The early Great Camps started life as simple tent camps, often on land initially leased from hotel owners, as hotel guests sought a more authentic wilderness experience. The tent camps evolved into tent platforms or lean-tos and then into compounds of rustic cabins. Even in the early stages, some of these camps became quite elaborate. In 1883 one of the first families on Upper St. Regis Lake, that of the wealthy merchant Anson Phelps Stokes, would arrive in a "special parlour horse car direct from 42nd street to Ausable for $100."  One party consisted of ten family members and an equal number of servants, "three horses, two dogs, one carriage, five large boxes of tents, three cases of wine, two packages of stovepipe, two stoves, one bale of china, one iron pot, four washstands, one barrel of hardware, four bundles of poles, seventeen cots and seventeen mattresses, four canvas packages, one buckboard, [...], twenty-five trunks, thirteen small boxes, one boat, one hamper", all of which was then transferred to wagons for the 36 mile ride to Paul Smiths, and thence by boat to their island campsite.

As the region's hotels became more civilized and elaborate (Paul Smith's started without indoor plumbing), so too did the camps. But the use of rustic, native materials and craftsmen remained, as did a tendency to use separate buildings for separate functions, from dining to sleeping cabins, bowling alleys to dance pavilions, all connected by covered walkways as features of a distinctive Adirondack Architecture.

The largest and most luxurious camps were generally built on large landholdings; Adirondack land was cheap and the buyers were extraordinarily wealthy.

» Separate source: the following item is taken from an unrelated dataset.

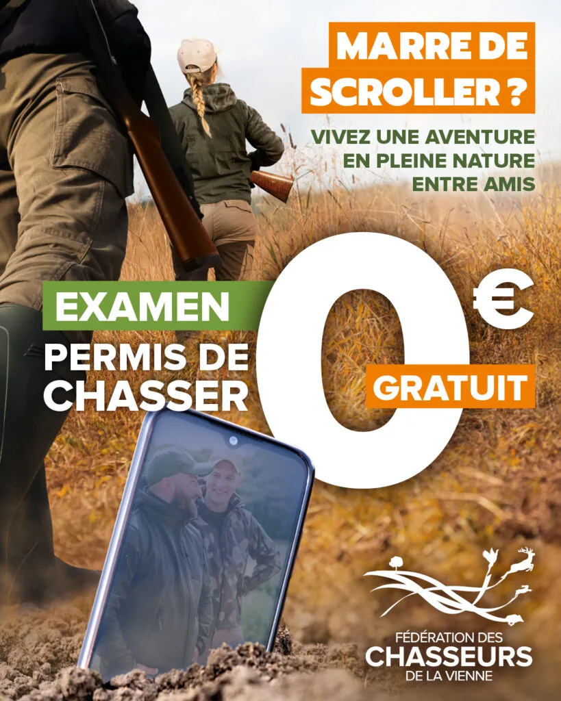 - ATTENTION : le remboursement s’applique uniquement lors de la première validation effectuée auprès de la Fédération des Chasseurs de la Vienne, et seulement pendant la première année.

Many of them were Jewish families excluded from the traditional Adirondack resorts. For example, the rules of the Lake Placid Club specifically excluded anyone "against whom there is any reasonable physical, moral, social or race objection ... This invariable rule is rigidly enforced: it is found impracticable to make exceptions to Jews or others excluded...." Wealthy Jews such as Otto Kahn, Alfred Lewisohn, Daniel Guggenheim, and Evelyn Lehman Ehrich and Harriet Lehman (daughters of one of the founders of brokerage firm Lehman Brothers) purchased land and constructed Great Camps when they found it impossible to join the established Adirondack clubs.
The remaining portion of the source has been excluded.